We’re looking forward to presenting this work in South Africa in May 2010.

This is the preliminary abstract:

Software development teams need to maintain awareness of various different aspects ranging from overall project status and process bottlenecks to current tasks and incoming artifacts. Currently there is a lack of theoretical foundations to guide tool selection and tool design to best support awareness tasks. In this paper, we explore how the combination of highly configurable project, team and contributor dashboards along with individual event feeds is used to accomplish extensive awareness. Our results stem from an empirical study of several large development teams, with a detailed study of a team of 150 developers and additional data from another four project teams. We present how dashboards become pivotal to task prioritization in critical project phases and how they stir competition while feeds are used for short term planning. Our findings indicate that the distinction between high-level and low-level awareness is often unclear and that integrated tooling could improve development practices.

Update [June 6, 2010]: The paper is now available here (ACM Digital Library).

Web2SE: First Workshop on Web 2.0 for Software Engineering at ICSE 2010

http://sites.google.com/site/web2se/

Web 2.0 technologies such as wikis,  blogs,  tags and feeds have been adopted and adapted by software engineers.

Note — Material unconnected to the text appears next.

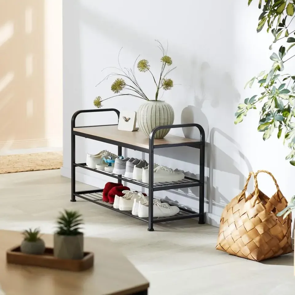 Haal de populaire industriële flair in huis met het aantrekkelijke schoenenrek Southampton. Dankzij het puristische design en de kleine afmetingen is dit rustieke meubel een meester in combineren. Drie open planken bieden veel opbergruimte en een goede veerkracht. Vier in hoogte verstelbare kunststof pootjes garanderen de best mogelijke stabiliteit terwijl ze de vloer beschermen en ronden het totaalbeeld van een praktische organizer in een casual industriële stijl af. Let op: Montage vereist

With Web2SE, we aim to provide a venue for pertinent work by highlighting current state-of-the-art research, by identifying future research directions, and by discussing implications of Web 2.0 on software engineering.

Web2SE has been accepted as a workshop at ICSE 2010 and is organized by Margaret-Anne (Peggy) Storey, Arie van Deursen, Kate Ehrlich and myself.

We will accept research papers (max. 6 pages) and poster papers as well as position papers (max. 2 pages). The final version of the accepted papers will be published in the ICSE Companion and will also be made available during the workshop. The deadline for submission is January 31, 2010 (Call for papers). We look forward to reading your papers.

Here’s the abstract:

Social software is built around an “architecture of participation” where user data is aggregated as a side-effect of using Web 2.0 applications. Web 2.0 implies that processes and tools are socially open, and that content can be used in several different contexts. Web 2.0 tools and technologies support interactive information sharing, data interoperability and user centered design. For instance, wikis, blogs, tags and feeds help us organize, manage and categorize content in an informal and collaborative way. One goal of this workshop is to investigate how these technologies can improve software development practices. Some of these technologies have made their way into collaborative software development processes such as Agile and Scrum, and in development platforms such as Rational Team Concert which draw their inspiration from Web 2.0. These processes and environments are just scratching the surface of what can be done by incorporating Web 2.0 approaches and technologies into collaborative software development. This workshop aims to improve our understanding of how Web 2.0, manifested in technologies such as mashups or dashboards, can change the culture of collaborative software development.

Moving to WordPress

Welcome to my new website, now powered by WordPress!

I’ve decided to move to WordPress for three reasons: One, it gave me an opportunity to clean up the HTML of my website content that was the result of mixing HTML editing and Visual editing. Two, by having this website in form of a blog, I’ll be able to keep you all updated with my latest activities. Finally, after recently purchasing a new smartphone, I appreciate the explicit support that WordPress provides for mobile browsing.